Normal Operator
Many solvers in RegularizedLeastSquares.jl are based on the normal operator $\mathbf{A}^*\mathbf{A}$ of the linear operator $\mathbf{A}$.
Solvers such as ADMM, FISTA and POGM generally solve optimization problems of the form:
\[\begin{equation} \underset{\mathbf{x}}{argmin} \mathbf{f(x)}+ \mathbf{R(x)} \end{equation}\]
and require the gradient of the function $\mathbf{f(x)}$. In this package we specialise the function $\mathbf{f(x)}$ to the least squares norm:
\[\begin{equation} \mathbf{f(x)} = \frac{1}{2}\vert\vert \mathbf{A}\mathbf{x}-\mathbf{b} \vert\vert^2_2 \end{equation}\]
The gradient of this function is:
\[\begin{equation} \nabla \mathbf{f(x)} = \mathbf{A}^*(\mathbf{A}\mathbf{x}-\mathbf{b}) = \mathbf{A}^*\mathbf{Ax} - \mathbf{A}^*\mathbf{b} \end{equation}\]
Similarily, the conjugate gradient normal residual (CGNR) algorithm applies conjugate gradient algorithm to:
\[\begin{equation} \mathbf{A}^*\mathbf{A}\mathbf{x} = \mathbf{A}^*\mathbf{b} \end{equation}\]
The normal operator can be passed directly to these solvers, otherwise it is computed internally.
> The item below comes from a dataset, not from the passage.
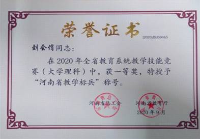 近期,ok138cn太阳集团529教师在河南省教育厅、河南省总工会组织的2020年度教学技能竞赛中再获佳绩,通过层层选拔,被学校选送的我院青年教师刘会俏不负众望,斩获一等奖,同时被授予 “河南省教学标兵”称号并获发奖章。

using RegularizedLeastSquares
A = randn(32, 16)
x = randn(16)
b = A*x
solver = createLinearSolver(CGNR, A; AHA = adjoint(A) * A, reg = L2Regularization(0.0001), iterations=32);
x_approx = solve!(solver, b)16-element Vector{Float64}:
-0.0068608070013497
1.510279950134171
0.49677947685196944
-0.29238871075776907
-0.14926922665854075
-0.8421615508547345
-1.8313349719860372
-0.8129575646583957
-1.1621652734708936
-0.9202900795547184
-3.3334695517379638
0.8755477495614541
0.2826186041481316
0.03444547199721013
0.8938219826009284
0.6428792462082689The normal operator can also be computed using the normalOperator function from LinearOperatorCollection.jl. This is useful if the normal operator is not directly available or shouldn't be stored in memory. This function is opinionated and attempts to optimize the resulting operator for iterative applications. Specifying a custom method for a custom operator allows one to control this optimization.
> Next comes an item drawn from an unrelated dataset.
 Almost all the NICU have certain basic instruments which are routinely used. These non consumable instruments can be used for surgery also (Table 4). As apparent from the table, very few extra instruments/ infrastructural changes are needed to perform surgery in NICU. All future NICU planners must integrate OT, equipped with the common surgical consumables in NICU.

An example of such an optimization is a matrix-free weighting of $\mathbf{A}$ as shown in the Weighting example:
using LinearOperatorCollection
weights = rand(32)
WA = ProdOp(WeightingOp(weights), A)
AHA = LinearOperatorCollection.normalOperator(WA)Linear operator
nrow: 16
ncol: 16
eltype: Float64
symmetric: false
hermitian: false
nprod: 0
ntprod: 0
nctprod: 0
Without an optimization a matrix-free product would apply the following operator each iteration:
\[\begin{equation} (\mathbf{WA})^*\mathbf{WA} = \mathbf{A}^*\mathbf{W}^*\mathbf{W}\mathbf{A} \end{equation}\]
This is not efficient and instead the normal operator can be optimized by initially computing the weights:
\[\begin{equation} \tilde{\mathbf{W}} = \mathbf{W}^*\mathbf{W} \end{equation}\]
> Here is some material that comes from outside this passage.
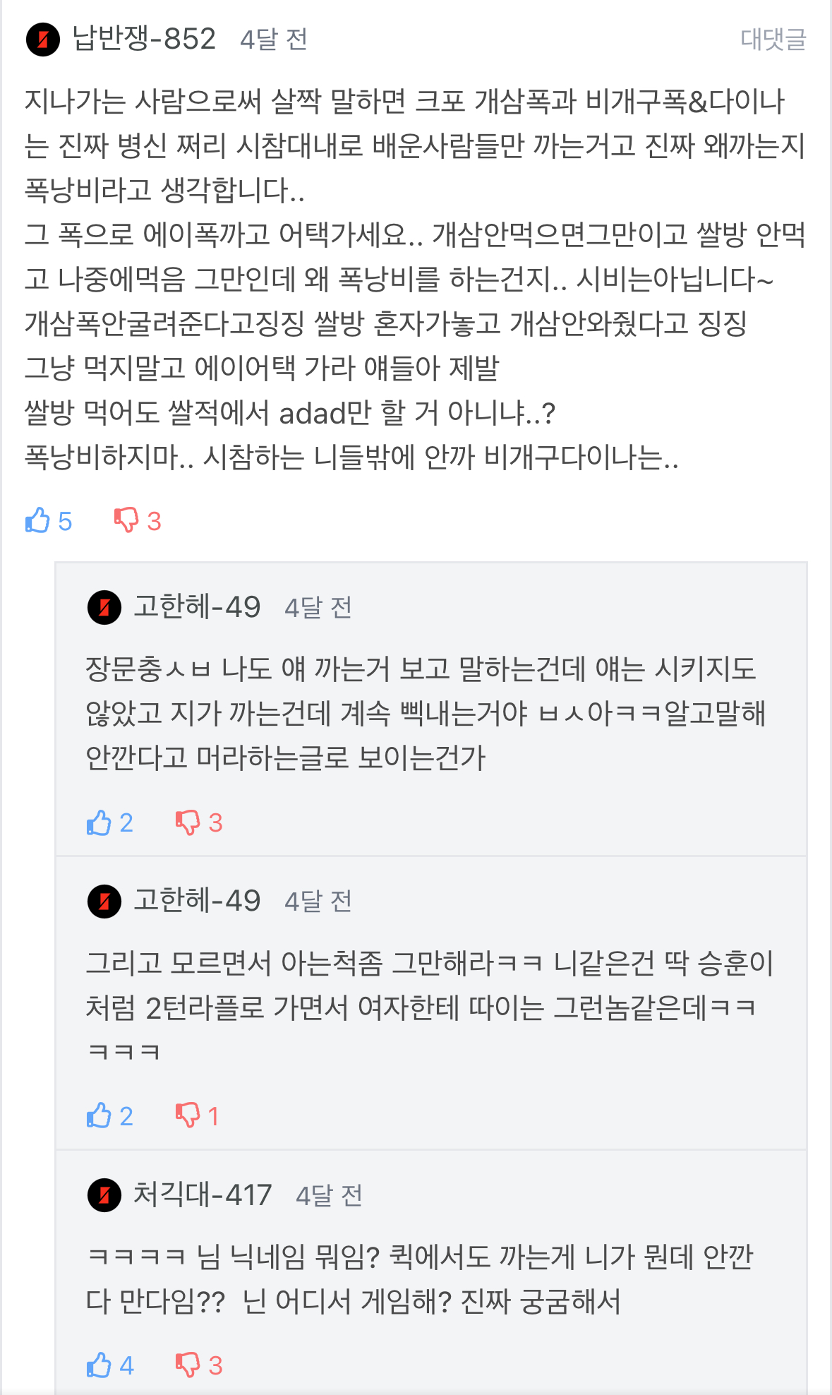 지나가는 사람으로써 살짝 말하면 크포 개삼폭과 비개구폭&다이나 는 진짜 병신 쩌리 시참대내로 배운사람들만 까는거고 진짜 왜까는지 폭낭비라고 생각합니다..

and then applying the following each iteration:
\[\begin{equation} \mathbf{A}^*\tilde{\mathbf{W}}\mathbf{A} \end{equation}\]
The optimized normal operator can then be passed to the solver:
solver = createLinearSolver(CGNR, WA; AHA = AHA, reg = L2Regularization(0.0001), iterations=32);
x_approx2 = solve!(solver, weights .* b)16-element Vector{Float64}:
-0.006837192826844945
1.5102911602957558
0.49676488524402884
-0.2924115178495965
-0.1493748074846615
-0.8421717429978992
-1.8313337287492306
-0.812867349035906
-1.1621124027528222
-0.9202872349850199
-3.3333631998587387
0.8755119410460656
0.28257824769546835
0.03441534824774462
0.8937820594281263
0.6429089170204695Of course it is also possible to optimize a normal operator with other means and pass it to the solver via the AHA keyword argument.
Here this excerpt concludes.